Sure enough, Miles is in the kitchen, moodily eating
toast. Edwin is also there, gazing at the kettle as if willing it to work. There’s a cafetière beside him and a delicious smell of coffee in the air. The clock has hands in the shape of carrots chasing sundry vegetables around the dial. It’s seven-thirty, a carrot past a radish.
‘Morning,’ says Harbinder. ‘Did everyone sleep well?’
‘Like a log,’ says Edwin, pouring boiling water onto the coffee.
‘Very fitfully,’ says Miles. ‘I think I’m allergic to the pillows here.’
Harbinder ignores this and gratefully accepts a cup of coffee from Edwin. She makes herself some toast and spreads it with butter and Marmite. As she does so, she can hear her father’s voice. ‘Marmite is just one reason why the British will never be a civilised nation.’
Absorbed in her breakfast, it’s a couple of seconds before she realises that Miles is talking to her.
‘. . . like to talk to you,’ he is saying. ‘Shall we have a walk on the beach?’
Harbinder looks at Edwin who raises an eyebrow at her. ‘Don’t mind me,’ he says, ‘I’m quite happy here with P. G. Wodehouse.’
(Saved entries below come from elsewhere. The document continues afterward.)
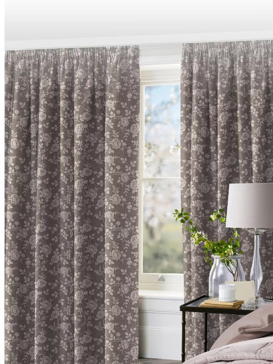 10 цен на Штора кухонная Василиса 145х260 см, Рогожка, 100% хлопок, Тесьма, Розы на льне
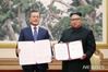 【평양=뉴시스】평양사진공동취재단 박진희 기자 = 문재인 대통령과 김정은 국무위원장이 19일 오전 평양 백화원 영빈관에서 평양공동선언문에 서명한 후 합의서를 들어보이고 있다. 2018.09.19. photo@newsis.com <저작권자ⓒ 공감언론 뉴시스통신사. 무단전재-재배포 금지.> |
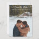 "Winter Modern Save the Date Minimalist Rustic with Engagement Photographs." You replace the photos with your own easily using the templates. Simple, modern script calligraphy handwriting with flourishes, "Save the Date" typography and your names, wedding date and location. Graphically designed by internationally licensed artist and designer, Audrey Jeanne Roberts.
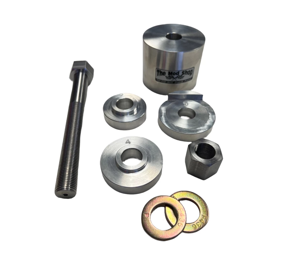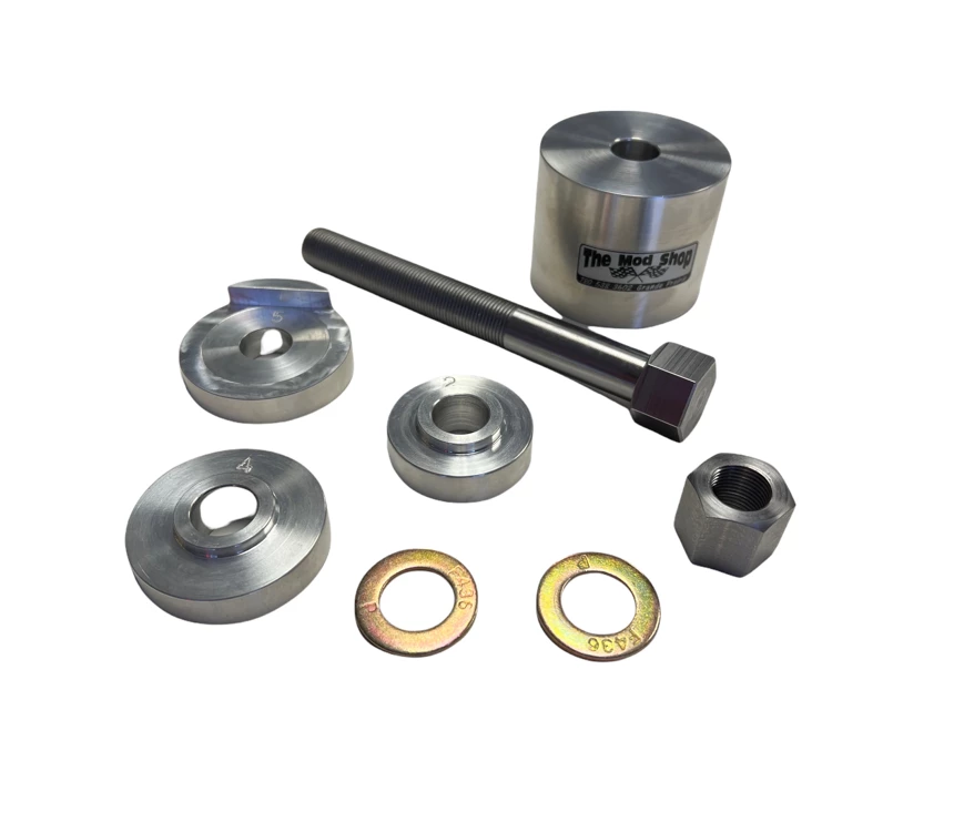 The Mod Shop wheel bearing removal/installation tool makes changing your Can-Am Outlander wheel bearings a breeze. Save time and money with this easy-to-use tool. No need for a press or to take a chance damaging your expensive new wheel bearings by hammering them in. A great addition to any service shop, allowing you to improve efficiency and profit. Machined in Canada from high-quality steel and aluminum.
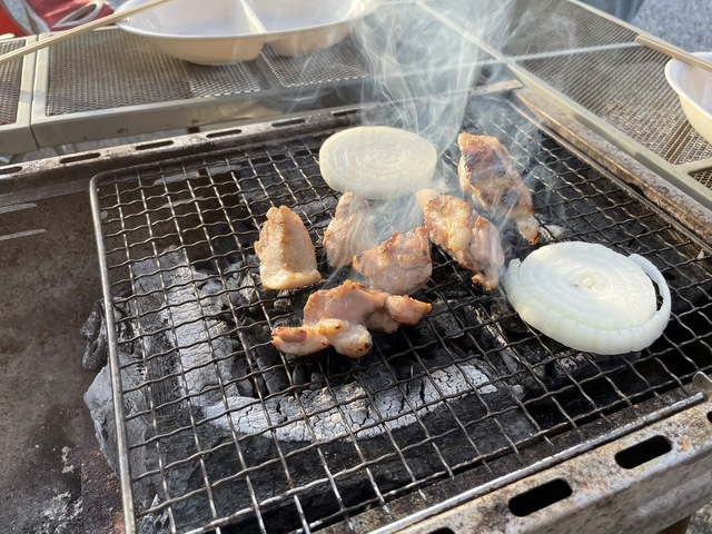 外で飲む酒と、炭で焼く肉は、美味いのである。

The squad car is outside and Harbinder stops to talk to the occupants, a different pair from yesterday. She offers them coffee but they say that they have already stopped at McDonald’s. The car smells faintly of waffles.
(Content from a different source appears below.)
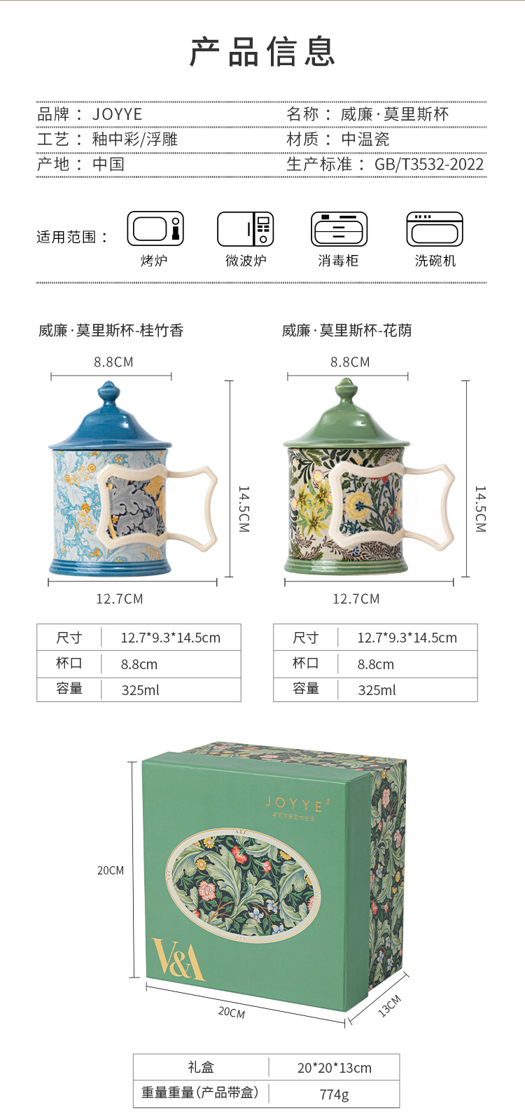 JOYYE 单品威廉·莫里斯杯 325ml 陶瓷马克杯 桂竹香(单位:套)

‘Anything to report last night?’ she says. ‘I thought I heard someone moving around out here.’
‘That’ll be the wind,’ says one of the policemen. ‘It was a wee bit blashie last night.’
That must mean windy, thinks Harbinder. It’s a good onomatopoeic word but she doesn’t think that it explains the sounds outside the house.
Harbinder and Miles walk along the shingle beach. It’s another beautiful morning, the air fresh and smelling of the sea. There are a few fishing boats moored above the tide line and a fisherman sits mending his nets on the harbour wall.
‘I’ve got friends who live near here,’ says Miles. ‘The landowner keeps trying to stop the fishing but it’s been happening for hundreds of years. It’s a way of life for these folk.’